What this task involves
Reproduced exactly, the lines from the start of the material through the line containing "Fototapeta premium Swan" should be the whole answer, with pictures excluded.

=== Section Start ===

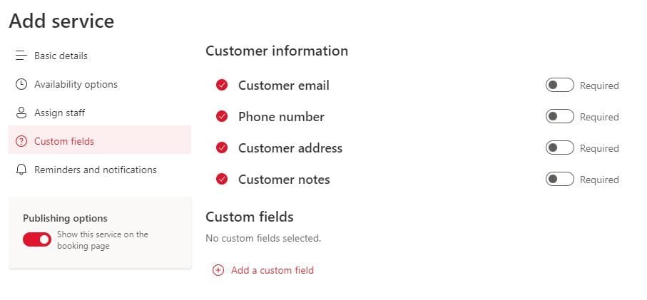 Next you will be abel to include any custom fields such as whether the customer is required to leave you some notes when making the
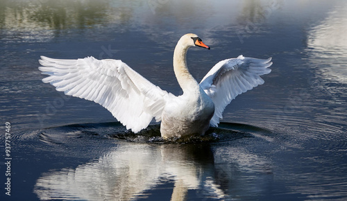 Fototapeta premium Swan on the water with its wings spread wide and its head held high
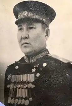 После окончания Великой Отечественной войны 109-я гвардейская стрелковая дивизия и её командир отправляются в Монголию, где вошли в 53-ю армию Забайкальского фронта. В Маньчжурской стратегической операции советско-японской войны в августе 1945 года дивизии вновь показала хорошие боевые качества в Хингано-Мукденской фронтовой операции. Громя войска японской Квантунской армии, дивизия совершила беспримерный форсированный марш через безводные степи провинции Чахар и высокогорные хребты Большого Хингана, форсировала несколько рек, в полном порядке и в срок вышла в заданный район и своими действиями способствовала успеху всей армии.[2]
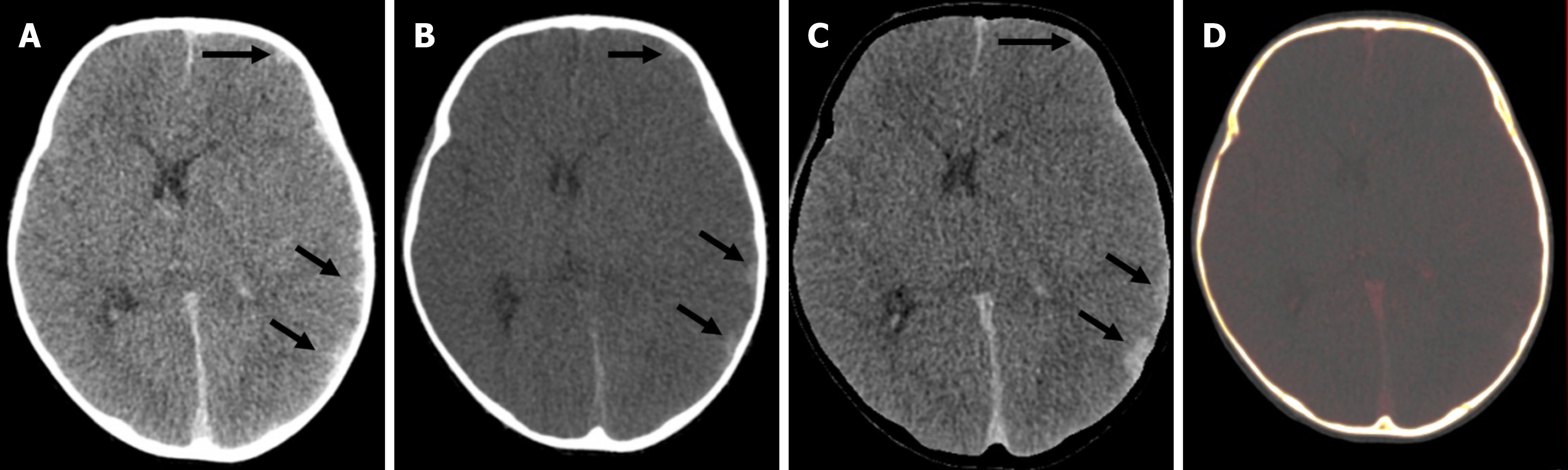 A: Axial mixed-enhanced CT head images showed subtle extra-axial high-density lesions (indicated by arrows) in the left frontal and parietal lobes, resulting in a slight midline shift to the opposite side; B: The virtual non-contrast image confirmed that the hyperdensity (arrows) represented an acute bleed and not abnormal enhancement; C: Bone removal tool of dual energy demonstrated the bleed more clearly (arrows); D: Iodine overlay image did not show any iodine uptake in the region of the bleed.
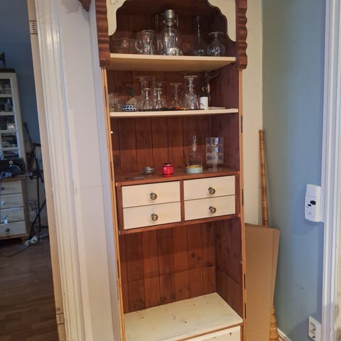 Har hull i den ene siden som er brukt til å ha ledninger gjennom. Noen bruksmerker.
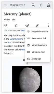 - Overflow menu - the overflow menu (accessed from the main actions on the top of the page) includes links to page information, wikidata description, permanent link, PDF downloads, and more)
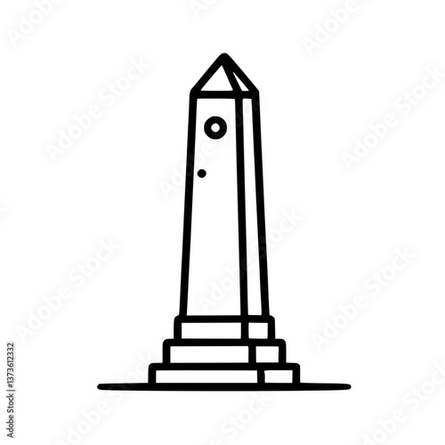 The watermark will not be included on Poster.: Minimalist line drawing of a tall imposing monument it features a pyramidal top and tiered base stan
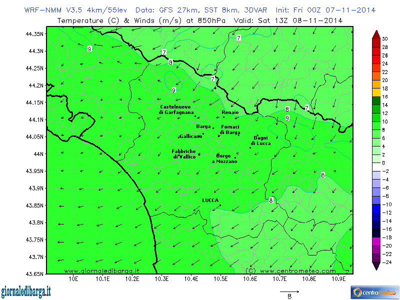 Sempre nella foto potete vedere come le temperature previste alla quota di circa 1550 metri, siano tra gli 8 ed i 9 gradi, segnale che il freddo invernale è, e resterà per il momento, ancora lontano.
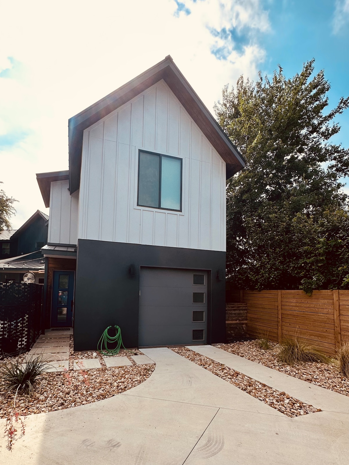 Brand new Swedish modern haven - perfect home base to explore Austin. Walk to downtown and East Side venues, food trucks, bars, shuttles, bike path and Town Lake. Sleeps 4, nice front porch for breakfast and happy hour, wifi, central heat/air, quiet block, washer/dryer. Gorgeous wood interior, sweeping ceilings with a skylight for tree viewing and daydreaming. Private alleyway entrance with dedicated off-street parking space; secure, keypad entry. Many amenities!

=== Section End ===

Task result
 Next you will be abel to include any custom fields such as whether the customer is required to leave you some notes when making the
 Fototapeta premium Swan on the water with its wings spread wide and its head held high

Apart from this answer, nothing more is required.